Nice report Tom. I used to fish at Silver Lake when I was stationed at Dover AFB. I fished by the little dam/spillway for LMB. I even caught a few blue crabs while jigging for fish on the bottom of the creek/dam. Are there still mercury warnings there? I have not fished there since 1995. That whole area is dotted with little ponds and rivers. I thought you were fishing a small tidal spot/river right at the entrance to the Dover Capital. You can see it on the right hand side just as you are getting ready to hit downtown Dover. The bldgs in the picture reminded me of that spot. In the summer there are tons of lily pads there.


----------



## markedwards (Jan 29, 2001)

wanderboy said:


> i see you reel in real fast. r u doing it so the jig stays on top of the water or just the way that Crappie like their bait lively?
> 
> nice clip, btw.


it was windy that day and he had to reel fast to take up the slack and keep up with the drifting float.


----------



## Orest (Jul 28, 2003)

This what the "Delaware Fish Consumption Advisories" page says from the Delaware DNREC site.

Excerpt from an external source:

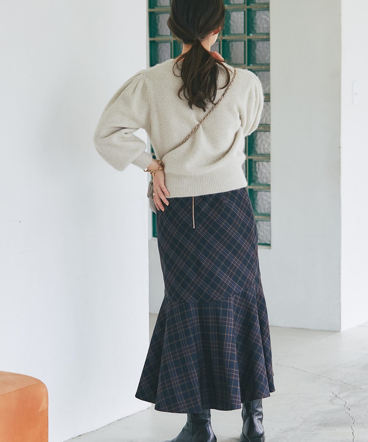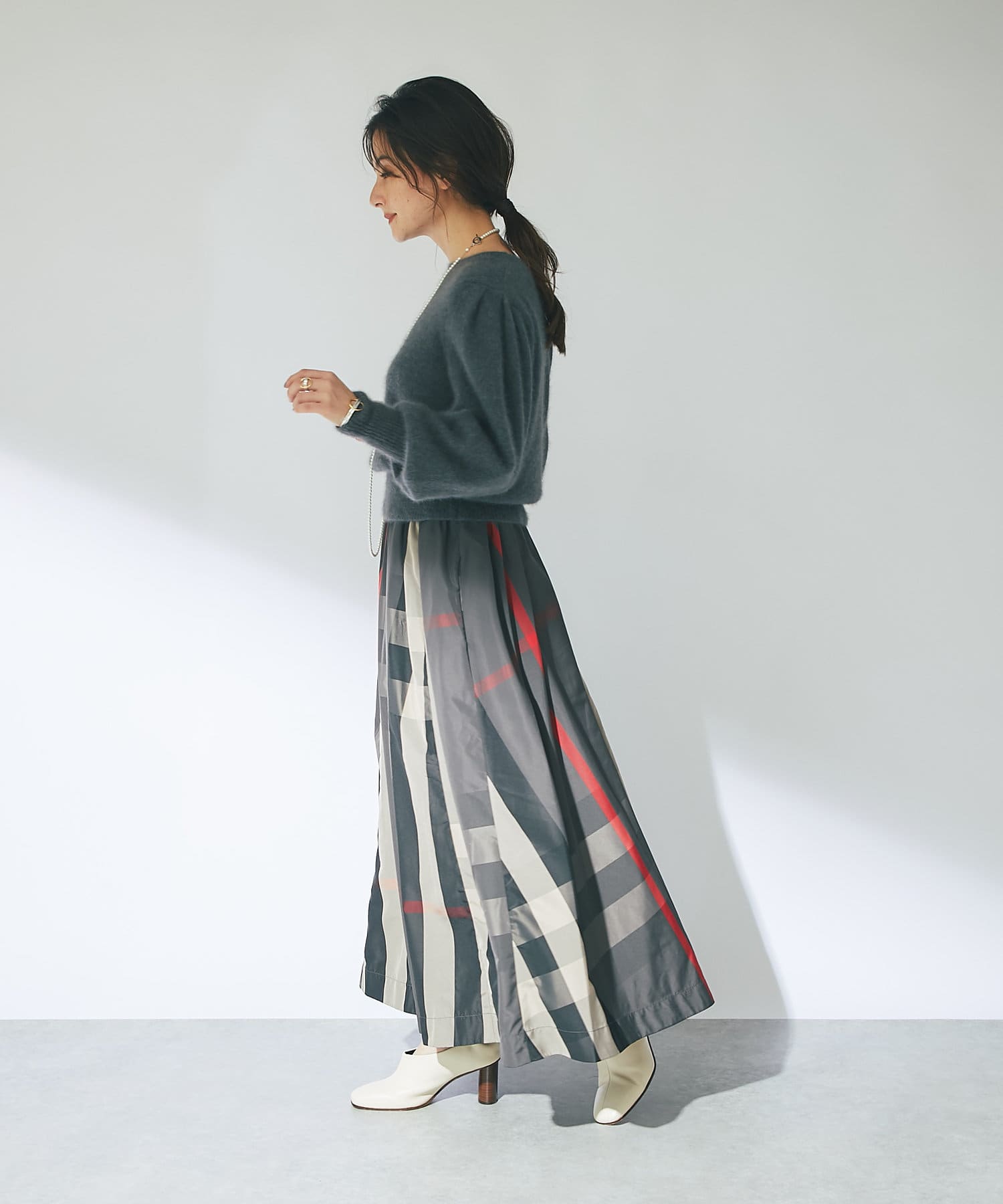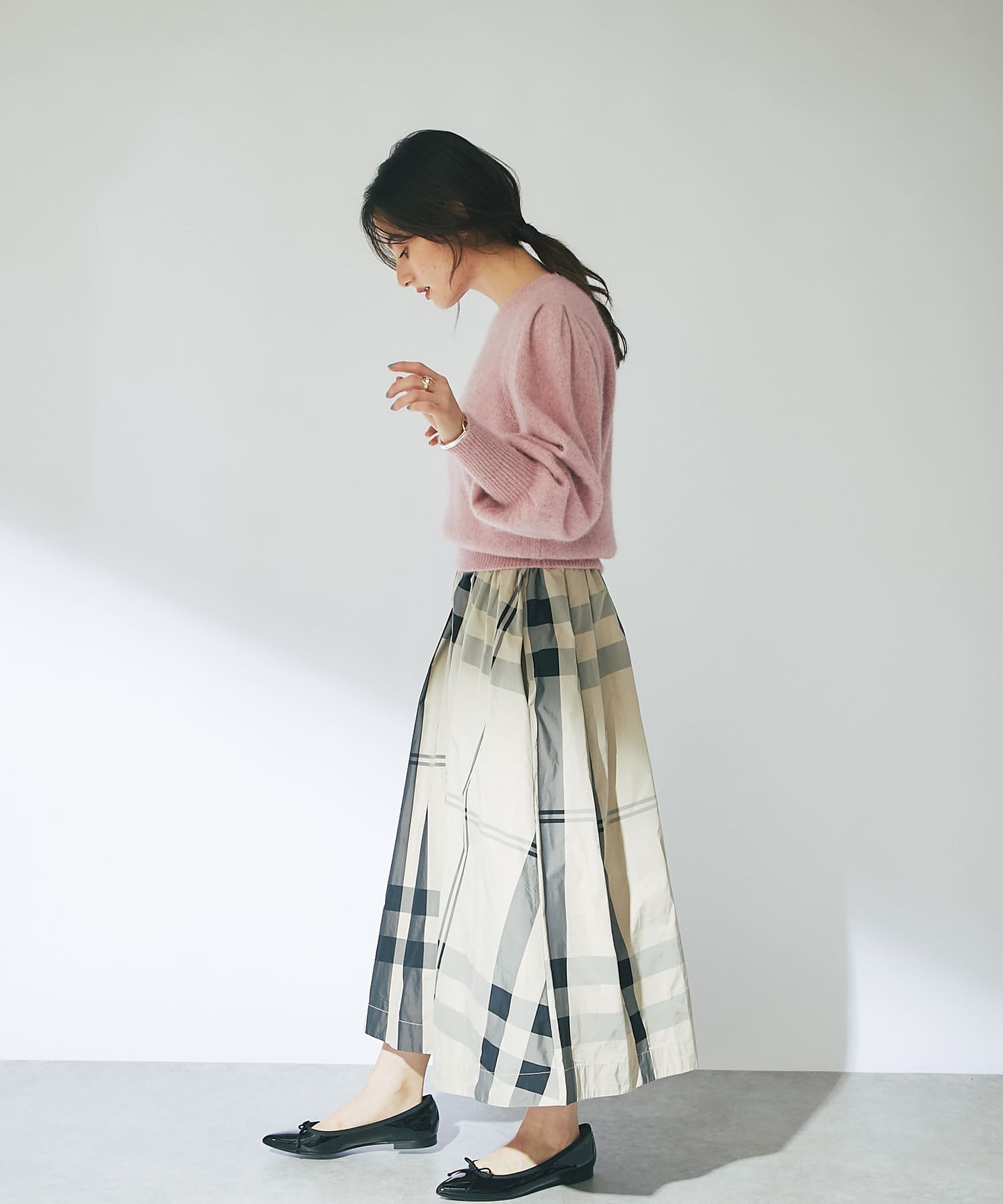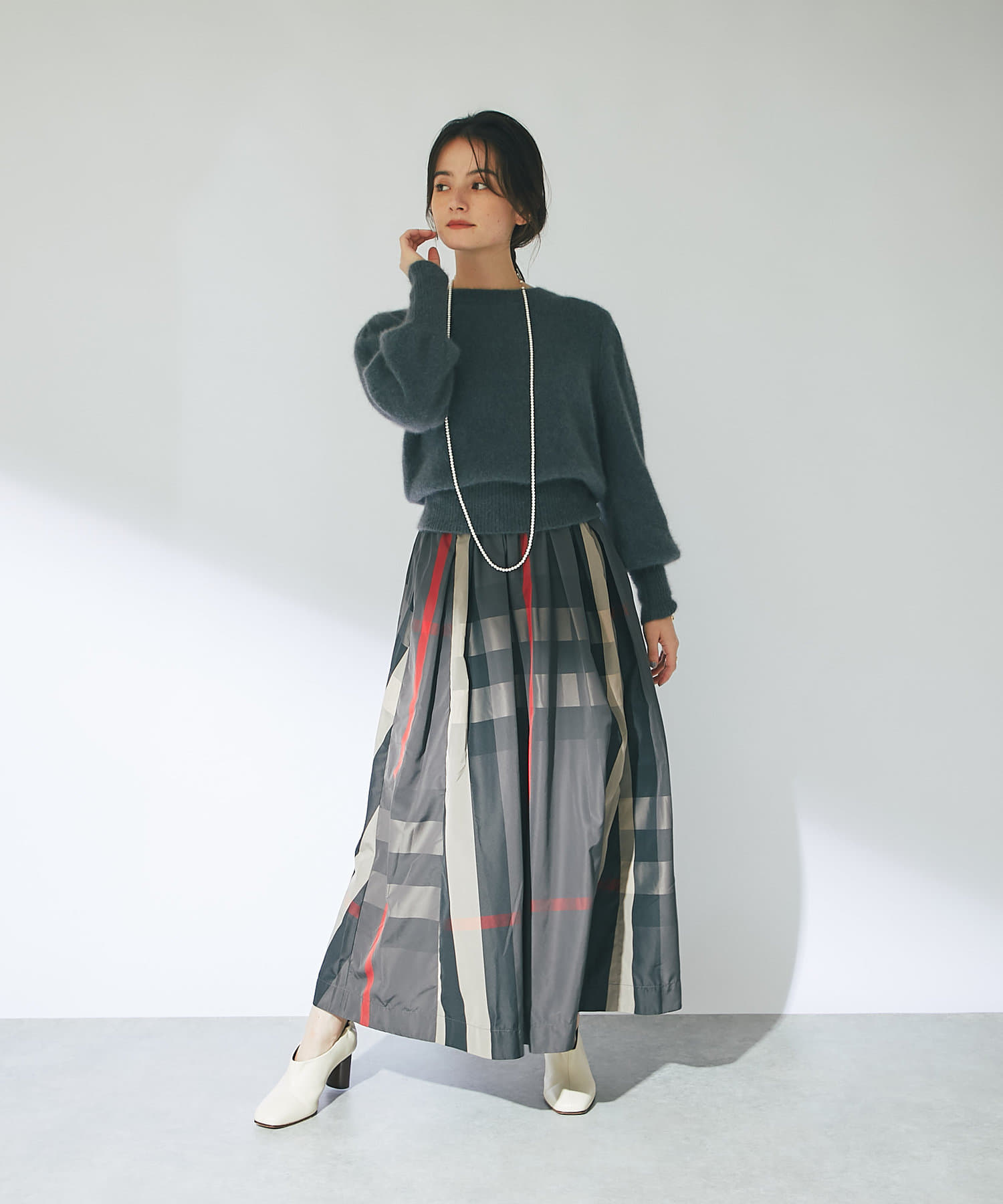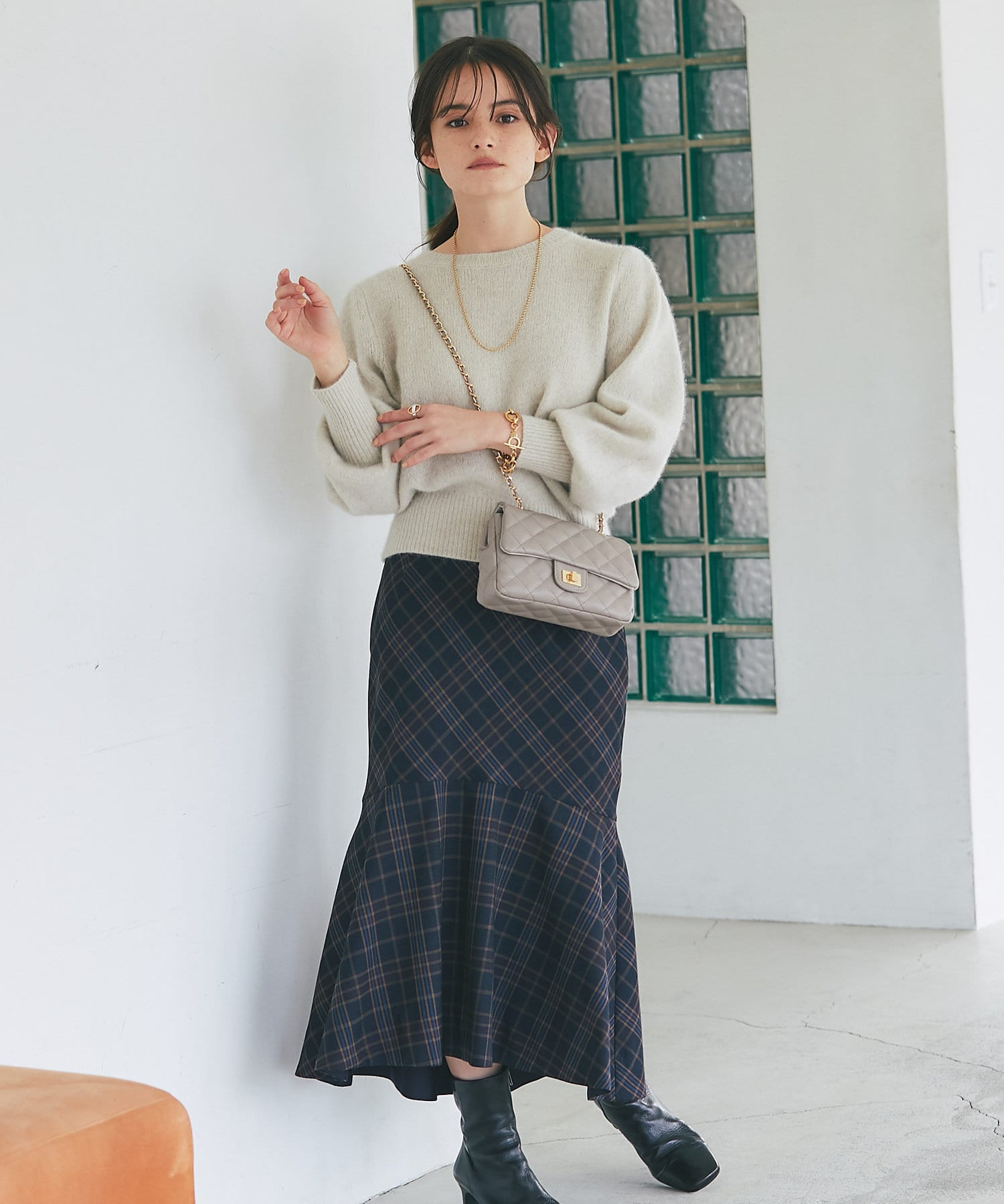 グレーのチェックスカートと合わせれば大人かわいい秋コーデの完成です。

http://www.dnrec.delaware.gov/fw/Fisheries/Documents/Delaware_Fish_Advisory_Chart.pdf

The pond has PCBs, Dioxin, Mercury.


----------



## catman (May 28, 2001)

Damn, I'm a meat angler so I guess the drive to Silver Lake is out.

Silver Lake Dover All Finfish Entire Pond PCBs, Dioxin, Mercury
No more than two
meals per year.


----------



## dirtyhandslopez (Nov 17, 2006)

Thanks for that Tom.


----------